One of the most interesting innovations in seder observance among progressive Jewish types over the past, say, 40 years has been Miriam's Cup. Placed on the table alongside Elijah's Cup (which represents the promise of future, messianic redemption) and filled with water (to remind us of Miriam's midrashic role in sustaining the Israelites in the desert), it is, like most ritual innovations, a blank slate on which to draw signficance: the role of women, inclusiveness, creativity, etc.

That's part 1. Part 2 is that progressive Jewish types also get a slew of hagaddah supplements in the weeks leading up to seder, asking us to include various issues in our discussions at the table: human rights, Darfur, Israel-Palestine peace, immigration reform, the Michael Lerner kitchen sink, etc. etc. (Here's a page of them from the Religious Action Center.)

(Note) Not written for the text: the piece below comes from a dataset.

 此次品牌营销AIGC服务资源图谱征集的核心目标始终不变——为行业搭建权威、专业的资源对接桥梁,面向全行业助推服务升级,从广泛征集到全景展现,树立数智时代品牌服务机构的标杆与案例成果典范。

Part 3 is that I'm reading Annie Leonard's book The Story of Stuff, which is fantastic and which I'll review in a further post, but I started thinking that I'd like to add a Stuff component to the seder. But as I was preparing, the Miriam's Cup (which we've had on the table for years but which we've never done a whole lot with, ritually speaking) seemed like it needed something.

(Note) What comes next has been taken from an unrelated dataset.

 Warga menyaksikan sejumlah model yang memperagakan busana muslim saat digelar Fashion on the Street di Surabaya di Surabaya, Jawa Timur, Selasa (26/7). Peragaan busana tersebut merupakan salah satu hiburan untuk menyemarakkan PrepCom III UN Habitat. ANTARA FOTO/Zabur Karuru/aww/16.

So this is what we did: we focused the Miriam's Cup section, way up at the beginning of the seder, on the bottled water issue. I don't know how much you know about this, but bottled water is really Bad. First, it's a manufactured need, in that most tap water in this country is perfectly fine, and if it isn't that's a motivation for political action to take care of it, not to abandon the system. Second, most bottled water is only filtered tap water anyway. Third, it is resource intensive in that it takes extra water and petroleum products to make the bottles, not to mention the transportation to get it where it's going. And fourth, it's more expensive than gasoline, not to mention the disposal of the bottles, which are mostly (80%) landfilled.

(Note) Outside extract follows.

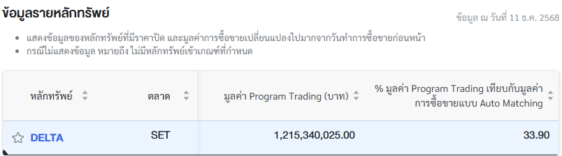 นอกจากนี้ ตลาดหลักทรัพย์แห่งประเทศไทย (ตลท.) รายงานข้อมูลหลักทรัพย์ที่มีการซื้อขายผ่านระบบ Program Trading สูงสุด โดยพิจารณาจากสัดส่วนมูลค่า Program Trading เทียบกับมูลค่าการซื้อขายแบบ Auto Matching พบว่ามี 1 หลักทรัพย์ที่มีการทำรายการสูงสุดในวันนี้ ได้แก่ DELTA

Access to clean sources of water is becoming a worldwide human rights issue, if it isn't already, and some say that water will be the oil of the 21st century, with wars being fought over it, and populations moving due to its absence.

The Rambam has a quote which I use quite often, to the effect that God gave us - for free and in abundance - what we need to live: air, water, etc. But if we go after things that we don't need, it makes the things we do need more expensive and less accessible. Here, I'll prove it:

[W]hen one endeavors to seek what is unnecessary, it becomes difficult to find even what is necessary. ...the more a thing is necessary for a living being, the more often it may be found and the cheaper it is. On the other hand, the less necessary it is, the less often it is found and it is very expensive. ... [The Guide III:12]
Bottled water, being unnecessary, is more expensive, and its pursuit makes tap water, which is necessary, more difficult to obtain.

More information and action items on this issue can be found at the Corporate Accountability International website, which includes a link to another great Annie Leonard video piece called the "Story of Bottled Water."

The takeaway message, in case you couldn't get it, is "Don't buy bottled water!"

Miriam is associated with the availability of fresh, sustaining water to a migrating population in a desert environment. It is exactly that kind of population which has the most difficulty getting access to clean drinking water, in large part due to the actions that we in the west take. May Miriam's Cup be a reminder to us that, as is so often the case, the simplest answer is best - for us, for those who travel this planet together with us, and for the planet itself.